HOW TO COMPLETE THIS TASK: When you reach the line containing "百搭秋季显瘦九分裤西裤白色女裤铅笔裤新款小脚裤大码黑色休闲裤" in the entries below, begin reproducing lines exactly, and stop once the line containing "Uitnodiging voor de" is done.

EXCERPTED RECORDS:
....................

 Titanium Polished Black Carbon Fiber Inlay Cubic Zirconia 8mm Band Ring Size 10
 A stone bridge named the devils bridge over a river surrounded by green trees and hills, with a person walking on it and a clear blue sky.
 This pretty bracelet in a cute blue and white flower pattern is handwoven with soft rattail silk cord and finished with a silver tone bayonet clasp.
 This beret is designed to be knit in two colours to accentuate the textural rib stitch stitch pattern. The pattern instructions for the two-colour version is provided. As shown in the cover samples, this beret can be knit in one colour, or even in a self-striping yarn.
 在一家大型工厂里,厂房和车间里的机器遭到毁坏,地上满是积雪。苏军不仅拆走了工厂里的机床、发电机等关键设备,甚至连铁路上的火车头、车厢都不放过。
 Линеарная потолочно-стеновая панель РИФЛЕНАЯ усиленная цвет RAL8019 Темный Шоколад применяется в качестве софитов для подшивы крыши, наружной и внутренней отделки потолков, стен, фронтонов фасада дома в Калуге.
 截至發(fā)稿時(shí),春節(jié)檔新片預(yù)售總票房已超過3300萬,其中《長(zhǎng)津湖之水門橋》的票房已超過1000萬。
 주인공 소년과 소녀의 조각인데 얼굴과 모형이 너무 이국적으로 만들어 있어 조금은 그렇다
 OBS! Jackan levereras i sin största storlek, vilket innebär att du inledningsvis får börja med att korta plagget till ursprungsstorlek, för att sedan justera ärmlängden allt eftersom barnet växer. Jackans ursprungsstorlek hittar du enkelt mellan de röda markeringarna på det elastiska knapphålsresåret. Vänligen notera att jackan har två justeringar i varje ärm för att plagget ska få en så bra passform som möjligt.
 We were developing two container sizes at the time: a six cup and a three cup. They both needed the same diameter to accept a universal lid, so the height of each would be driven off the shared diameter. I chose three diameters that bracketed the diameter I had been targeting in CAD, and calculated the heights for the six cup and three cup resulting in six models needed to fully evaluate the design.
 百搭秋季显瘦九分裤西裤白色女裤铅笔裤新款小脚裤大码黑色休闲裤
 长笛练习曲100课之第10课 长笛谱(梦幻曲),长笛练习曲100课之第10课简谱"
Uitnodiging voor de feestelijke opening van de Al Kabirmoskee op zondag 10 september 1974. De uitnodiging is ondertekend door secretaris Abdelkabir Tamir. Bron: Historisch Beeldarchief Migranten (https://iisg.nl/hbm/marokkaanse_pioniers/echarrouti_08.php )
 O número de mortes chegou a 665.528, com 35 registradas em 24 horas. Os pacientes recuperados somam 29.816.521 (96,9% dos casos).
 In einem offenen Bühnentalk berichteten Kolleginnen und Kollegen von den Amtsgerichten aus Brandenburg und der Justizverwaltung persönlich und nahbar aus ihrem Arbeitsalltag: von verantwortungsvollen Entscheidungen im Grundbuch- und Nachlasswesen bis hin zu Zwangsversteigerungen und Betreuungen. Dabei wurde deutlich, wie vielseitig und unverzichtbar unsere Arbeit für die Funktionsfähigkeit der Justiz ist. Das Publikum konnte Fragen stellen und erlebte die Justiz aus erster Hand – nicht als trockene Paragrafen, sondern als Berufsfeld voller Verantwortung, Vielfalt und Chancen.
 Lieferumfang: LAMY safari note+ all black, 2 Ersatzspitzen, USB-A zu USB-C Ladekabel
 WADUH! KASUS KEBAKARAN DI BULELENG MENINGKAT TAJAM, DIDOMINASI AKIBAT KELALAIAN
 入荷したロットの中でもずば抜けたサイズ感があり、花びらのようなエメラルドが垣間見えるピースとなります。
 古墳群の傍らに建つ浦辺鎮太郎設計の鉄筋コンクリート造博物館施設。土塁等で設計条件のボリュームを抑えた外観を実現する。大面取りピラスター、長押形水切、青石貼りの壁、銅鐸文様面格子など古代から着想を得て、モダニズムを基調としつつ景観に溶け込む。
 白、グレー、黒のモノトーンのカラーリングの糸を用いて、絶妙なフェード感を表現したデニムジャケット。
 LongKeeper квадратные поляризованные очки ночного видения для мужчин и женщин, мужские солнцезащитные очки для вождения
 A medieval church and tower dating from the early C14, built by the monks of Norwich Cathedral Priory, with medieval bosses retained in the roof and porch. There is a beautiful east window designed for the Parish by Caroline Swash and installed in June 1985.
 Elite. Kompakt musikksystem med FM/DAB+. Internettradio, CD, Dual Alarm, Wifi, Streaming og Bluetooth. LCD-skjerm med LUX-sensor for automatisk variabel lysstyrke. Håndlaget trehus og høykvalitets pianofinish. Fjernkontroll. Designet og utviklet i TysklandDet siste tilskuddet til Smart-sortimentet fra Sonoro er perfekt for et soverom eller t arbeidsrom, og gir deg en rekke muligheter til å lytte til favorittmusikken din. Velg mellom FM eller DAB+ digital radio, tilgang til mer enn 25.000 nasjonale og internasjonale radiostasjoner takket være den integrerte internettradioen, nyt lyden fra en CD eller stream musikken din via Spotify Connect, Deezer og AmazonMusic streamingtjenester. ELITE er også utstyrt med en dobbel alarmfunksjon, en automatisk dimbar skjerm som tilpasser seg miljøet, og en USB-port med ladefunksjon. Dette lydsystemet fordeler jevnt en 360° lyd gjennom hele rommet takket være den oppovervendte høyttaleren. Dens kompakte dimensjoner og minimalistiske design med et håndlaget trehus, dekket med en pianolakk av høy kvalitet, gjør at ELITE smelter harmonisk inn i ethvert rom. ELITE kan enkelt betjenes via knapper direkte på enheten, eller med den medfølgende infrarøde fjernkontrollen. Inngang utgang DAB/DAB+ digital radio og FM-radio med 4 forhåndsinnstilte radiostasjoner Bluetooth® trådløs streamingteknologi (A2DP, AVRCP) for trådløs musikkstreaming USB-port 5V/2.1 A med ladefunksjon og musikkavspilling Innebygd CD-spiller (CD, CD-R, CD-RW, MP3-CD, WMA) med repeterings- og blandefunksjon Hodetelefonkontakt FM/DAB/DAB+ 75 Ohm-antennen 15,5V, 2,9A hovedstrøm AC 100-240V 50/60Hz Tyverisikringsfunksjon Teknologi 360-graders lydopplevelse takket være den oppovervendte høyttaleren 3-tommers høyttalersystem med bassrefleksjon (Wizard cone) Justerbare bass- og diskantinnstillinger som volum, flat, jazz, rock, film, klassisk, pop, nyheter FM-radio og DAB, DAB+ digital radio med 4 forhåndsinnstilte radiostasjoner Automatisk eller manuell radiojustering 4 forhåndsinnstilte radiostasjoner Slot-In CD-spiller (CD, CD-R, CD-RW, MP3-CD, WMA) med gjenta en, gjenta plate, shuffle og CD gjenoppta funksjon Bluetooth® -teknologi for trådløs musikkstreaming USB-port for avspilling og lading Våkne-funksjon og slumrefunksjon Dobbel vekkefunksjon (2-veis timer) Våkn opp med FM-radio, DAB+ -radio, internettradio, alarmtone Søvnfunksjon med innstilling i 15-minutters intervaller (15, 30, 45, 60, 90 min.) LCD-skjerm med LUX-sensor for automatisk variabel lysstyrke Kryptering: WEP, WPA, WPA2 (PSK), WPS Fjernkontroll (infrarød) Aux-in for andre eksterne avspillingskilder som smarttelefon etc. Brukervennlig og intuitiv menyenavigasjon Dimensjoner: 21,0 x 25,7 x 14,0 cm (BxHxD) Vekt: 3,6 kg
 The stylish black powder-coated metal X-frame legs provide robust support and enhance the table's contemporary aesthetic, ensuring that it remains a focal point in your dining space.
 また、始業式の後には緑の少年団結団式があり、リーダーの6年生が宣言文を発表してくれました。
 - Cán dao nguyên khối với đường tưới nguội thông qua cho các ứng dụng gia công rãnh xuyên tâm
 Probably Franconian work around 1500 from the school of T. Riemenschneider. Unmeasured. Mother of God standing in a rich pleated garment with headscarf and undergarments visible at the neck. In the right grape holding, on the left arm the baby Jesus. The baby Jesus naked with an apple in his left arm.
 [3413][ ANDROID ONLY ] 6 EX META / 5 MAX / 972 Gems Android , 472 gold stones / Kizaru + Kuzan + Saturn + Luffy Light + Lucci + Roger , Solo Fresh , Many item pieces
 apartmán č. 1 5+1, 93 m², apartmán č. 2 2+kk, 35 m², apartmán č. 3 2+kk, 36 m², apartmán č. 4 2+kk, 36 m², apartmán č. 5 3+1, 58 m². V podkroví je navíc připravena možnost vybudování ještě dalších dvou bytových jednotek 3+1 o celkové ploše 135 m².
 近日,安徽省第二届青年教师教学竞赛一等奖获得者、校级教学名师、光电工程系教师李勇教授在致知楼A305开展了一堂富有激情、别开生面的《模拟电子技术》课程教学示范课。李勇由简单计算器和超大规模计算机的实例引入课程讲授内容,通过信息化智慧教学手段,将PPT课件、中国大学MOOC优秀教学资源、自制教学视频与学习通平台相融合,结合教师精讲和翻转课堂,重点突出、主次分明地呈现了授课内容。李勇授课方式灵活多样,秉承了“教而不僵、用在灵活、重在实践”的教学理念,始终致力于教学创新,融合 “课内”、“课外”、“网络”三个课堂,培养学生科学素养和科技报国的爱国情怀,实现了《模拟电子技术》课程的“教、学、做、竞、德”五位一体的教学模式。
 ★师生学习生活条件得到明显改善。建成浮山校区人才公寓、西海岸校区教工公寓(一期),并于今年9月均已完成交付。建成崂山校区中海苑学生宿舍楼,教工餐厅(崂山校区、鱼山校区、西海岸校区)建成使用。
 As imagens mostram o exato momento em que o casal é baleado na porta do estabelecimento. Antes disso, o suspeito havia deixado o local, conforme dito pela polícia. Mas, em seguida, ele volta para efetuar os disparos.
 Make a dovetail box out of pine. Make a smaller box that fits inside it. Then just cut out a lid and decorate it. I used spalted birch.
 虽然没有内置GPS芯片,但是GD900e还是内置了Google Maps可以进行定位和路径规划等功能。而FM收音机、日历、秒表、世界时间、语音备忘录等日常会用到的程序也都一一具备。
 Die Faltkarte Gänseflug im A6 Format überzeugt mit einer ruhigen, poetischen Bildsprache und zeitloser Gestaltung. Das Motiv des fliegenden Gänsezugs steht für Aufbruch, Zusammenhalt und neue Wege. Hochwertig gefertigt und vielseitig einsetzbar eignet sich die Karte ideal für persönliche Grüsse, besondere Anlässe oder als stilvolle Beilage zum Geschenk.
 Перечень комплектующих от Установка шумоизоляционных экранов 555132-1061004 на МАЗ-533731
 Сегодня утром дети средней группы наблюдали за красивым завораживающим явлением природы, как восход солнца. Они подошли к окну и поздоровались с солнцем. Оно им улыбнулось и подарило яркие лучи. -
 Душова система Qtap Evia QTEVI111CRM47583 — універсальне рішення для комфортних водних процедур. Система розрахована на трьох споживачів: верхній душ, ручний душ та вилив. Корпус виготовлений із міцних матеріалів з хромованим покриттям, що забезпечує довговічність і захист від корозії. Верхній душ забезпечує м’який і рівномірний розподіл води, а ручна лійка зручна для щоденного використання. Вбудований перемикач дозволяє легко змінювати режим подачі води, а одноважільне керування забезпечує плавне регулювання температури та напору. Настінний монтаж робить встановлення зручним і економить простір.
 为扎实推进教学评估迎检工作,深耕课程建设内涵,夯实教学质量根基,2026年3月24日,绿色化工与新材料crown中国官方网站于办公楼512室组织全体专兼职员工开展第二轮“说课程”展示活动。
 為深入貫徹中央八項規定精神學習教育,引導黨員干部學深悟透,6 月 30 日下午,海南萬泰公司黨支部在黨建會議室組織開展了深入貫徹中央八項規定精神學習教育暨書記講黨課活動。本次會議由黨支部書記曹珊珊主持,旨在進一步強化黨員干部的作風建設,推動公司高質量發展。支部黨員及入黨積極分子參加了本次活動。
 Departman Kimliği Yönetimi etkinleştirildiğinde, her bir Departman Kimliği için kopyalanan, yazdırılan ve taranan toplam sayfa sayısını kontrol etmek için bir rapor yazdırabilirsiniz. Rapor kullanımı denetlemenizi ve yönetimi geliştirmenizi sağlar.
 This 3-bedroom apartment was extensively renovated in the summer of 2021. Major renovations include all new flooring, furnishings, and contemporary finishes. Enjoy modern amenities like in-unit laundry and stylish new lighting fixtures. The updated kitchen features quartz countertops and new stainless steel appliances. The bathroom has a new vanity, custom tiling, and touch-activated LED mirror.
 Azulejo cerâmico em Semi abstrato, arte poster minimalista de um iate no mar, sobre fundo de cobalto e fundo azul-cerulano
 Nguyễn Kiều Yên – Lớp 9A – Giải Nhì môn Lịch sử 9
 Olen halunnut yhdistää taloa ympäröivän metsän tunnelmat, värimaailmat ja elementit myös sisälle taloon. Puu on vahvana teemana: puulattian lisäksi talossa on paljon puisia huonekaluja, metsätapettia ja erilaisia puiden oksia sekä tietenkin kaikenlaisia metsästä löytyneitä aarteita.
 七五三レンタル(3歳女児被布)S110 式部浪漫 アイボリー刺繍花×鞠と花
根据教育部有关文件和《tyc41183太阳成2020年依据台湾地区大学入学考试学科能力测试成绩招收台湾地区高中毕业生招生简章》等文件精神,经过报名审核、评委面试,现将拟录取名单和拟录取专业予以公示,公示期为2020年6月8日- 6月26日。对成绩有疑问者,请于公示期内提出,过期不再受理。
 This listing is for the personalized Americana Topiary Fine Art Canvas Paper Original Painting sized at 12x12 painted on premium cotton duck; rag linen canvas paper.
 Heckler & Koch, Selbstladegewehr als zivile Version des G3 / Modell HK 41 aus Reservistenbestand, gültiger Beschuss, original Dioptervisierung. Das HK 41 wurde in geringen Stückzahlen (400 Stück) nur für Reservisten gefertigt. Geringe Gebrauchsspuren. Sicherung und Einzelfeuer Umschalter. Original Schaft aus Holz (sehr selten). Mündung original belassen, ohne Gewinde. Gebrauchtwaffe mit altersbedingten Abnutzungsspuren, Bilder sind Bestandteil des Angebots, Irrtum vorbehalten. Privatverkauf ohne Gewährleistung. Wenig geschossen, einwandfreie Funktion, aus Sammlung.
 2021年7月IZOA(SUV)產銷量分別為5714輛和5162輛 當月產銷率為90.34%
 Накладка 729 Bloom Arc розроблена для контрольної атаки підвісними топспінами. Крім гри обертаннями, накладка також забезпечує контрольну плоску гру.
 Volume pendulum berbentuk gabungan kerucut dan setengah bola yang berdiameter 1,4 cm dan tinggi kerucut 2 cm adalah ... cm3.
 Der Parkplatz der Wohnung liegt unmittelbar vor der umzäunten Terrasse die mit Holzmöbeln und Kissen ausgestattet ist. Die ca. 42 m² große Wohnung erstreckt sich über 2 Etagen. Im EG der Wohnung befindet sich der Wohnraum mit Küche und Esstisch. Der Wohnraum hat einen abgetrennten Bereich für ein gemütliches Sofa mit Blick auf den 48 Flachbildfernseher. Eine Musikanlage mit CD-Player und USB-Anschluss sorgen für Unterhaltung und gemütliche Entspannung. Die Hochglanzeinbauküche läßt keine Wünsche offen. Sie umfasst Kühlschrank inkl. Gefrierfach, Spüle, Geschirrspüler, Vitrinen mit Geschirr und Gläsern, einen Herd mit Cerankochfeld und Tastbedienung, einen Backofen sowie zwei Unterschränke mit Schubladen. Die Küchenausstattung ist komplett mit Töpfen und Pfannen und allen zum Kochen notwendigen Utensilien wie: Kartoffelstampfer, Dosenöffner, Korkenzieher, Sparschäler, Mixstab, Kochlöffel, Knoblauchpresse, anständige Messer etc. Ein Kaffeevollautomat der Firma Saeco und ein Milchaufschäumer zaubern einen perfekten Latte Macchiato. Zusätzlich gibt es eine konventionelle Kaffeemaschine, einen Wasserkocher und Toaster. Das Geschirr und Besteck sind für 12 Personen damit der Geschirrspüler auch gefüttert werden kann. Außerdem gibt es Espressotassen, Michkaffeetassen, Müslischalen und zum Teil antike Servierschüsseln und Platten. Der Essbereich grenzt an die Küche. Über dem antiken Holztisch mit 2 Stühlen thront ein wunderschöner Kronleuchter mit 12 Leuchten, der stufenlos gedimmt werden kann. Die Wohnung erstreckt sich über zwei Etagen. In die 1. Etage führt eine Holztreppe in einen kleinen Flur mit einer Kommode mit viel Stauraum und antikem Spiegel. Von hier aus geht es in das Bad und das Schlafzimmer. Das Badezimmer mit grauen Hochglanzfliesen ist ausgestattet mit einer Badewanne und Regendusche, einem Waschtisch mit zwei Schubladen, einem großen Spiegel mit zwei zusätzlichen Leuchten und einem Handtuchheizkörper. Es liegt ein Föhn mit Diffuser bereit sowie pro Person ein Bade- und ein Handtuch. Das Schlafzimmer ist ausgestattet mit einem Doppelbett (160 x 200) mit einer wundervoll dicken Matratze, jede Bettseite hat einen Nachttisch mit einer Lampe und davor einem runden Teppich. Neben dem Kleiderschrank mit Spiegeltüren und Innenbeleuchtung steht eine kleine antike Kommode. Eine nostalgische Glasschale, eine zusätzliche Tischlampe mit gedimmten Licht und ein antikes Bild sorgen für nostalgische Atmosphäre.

....................

ANSWER BELOW:
 百搭秋季显瘦九分裤西裤白色女裤铅笔裤新款小脚裤大码黑色休闲裤
 长笛练习曲100课之第10课 长笛谱(梦幻曲),长笛练习曲100课之第10课简谱"
Uitnodiging voor de feestelijke opening van de Al Kabirmoskee op zondag 10 september 1974. De uitnodiging is ondertekend door secretaris Abdelkabir Tamir. Bron: Historisch Beeldarchief Migranten (https://iisg.nl/hbm/marokkaanse_pioniers/echarrouti_08.php )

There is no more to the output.